Falar requer, cada vez, mais ponderação e reflexão. A linguagem não é polémica mas quem a utiliza gosta de a problematizar. Joga-se com as palavras, montam-se discursos e argumenta-se de acordo com os interesses de cada um. Mas não foi isso que sempre se fez?! Claro que sim.

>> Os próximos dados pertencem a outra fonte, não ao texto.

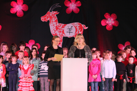 演出现场洋溢着浓浓的“年味”:由师生一起设计制作的具有中国剪纸特色的“羊”体现了新春佳节的特色。伴随着来自四个小学的孔子课堂学生用汉语演唱的“新年好”歌声演出正式拉开帷幕。首先,出席活动的中国驻斯洛文尼亚大使张宪一先生向大家祝贺新春,祝愿师生、来宾羊年学业进步,全家安康,祝愿中斯友谊地久天长。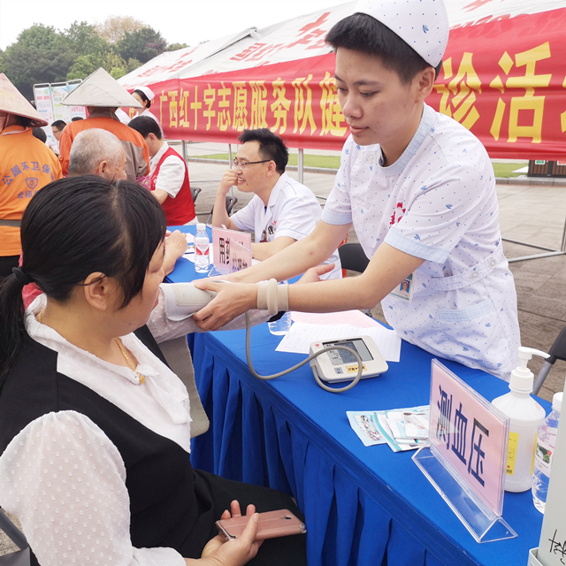 每年的5月8日是世界红十字日,为纪念第72个世界红十字日及第11个全国防灾减灾日。5月11日,我院应广西壮族自治区红十字会邀请走进南湖三月三欢歌广场参加世界红十字日纪念义诊,用实际行动弘扬“人道、博爱、奉献”的红十字精神。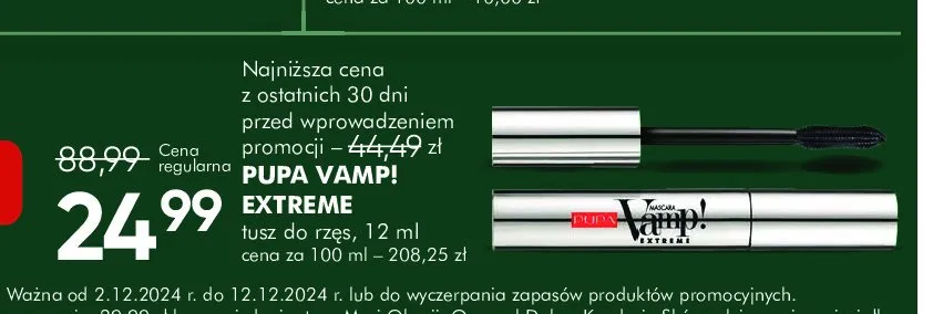 Zastanawiasz si臋, gdzie kupi膰 i ile kosztuje produkt Tusz do rz臋s PUPA VAMP EXTREME? Regularnie sprawdzamy, czy jest promocja na ten produkt w Biedronka, Lidl, Kaufland, Auchan, Netto, Makro i innych sklepach. Aktualnie posiadamy 2 oferty promocyjne na ten produkt. Ceny zaczynaj膮 si臋 od 19,99z艂!

A utilização de palavras e expressões, sem se atentar no seu verdadeiro significado, leva sempre a confusões. Por isso, definir conceitos é uma das regras obrigatórias para o discurso corrente e não só. Não faz sentido usar palavras ‘caras’ (vulgo dificieis e que não são comuns ao discurso de ambos os interlocutores) que apenas levantam dúvidas e barram a comunicação. Quantas vezes ouvimos discursos extremamente elaborados, mas que depois espremidos nada dizem!? Nesse caso perdeu-se tempo e impediu-se que a mensagem passasse de forma clara e concisa. É o que nos servem de bandeja, diariamente. E, na maioria dos casos, aceitamos impávidos e serenos sem sequer recorrermos ao dicionário, ou a uma opinião mais sábia sobre o verdadeiro intuito das palavras e dos discursos. Mas, então quanto pesa uma palavra?1000 quilos ou 1 mg?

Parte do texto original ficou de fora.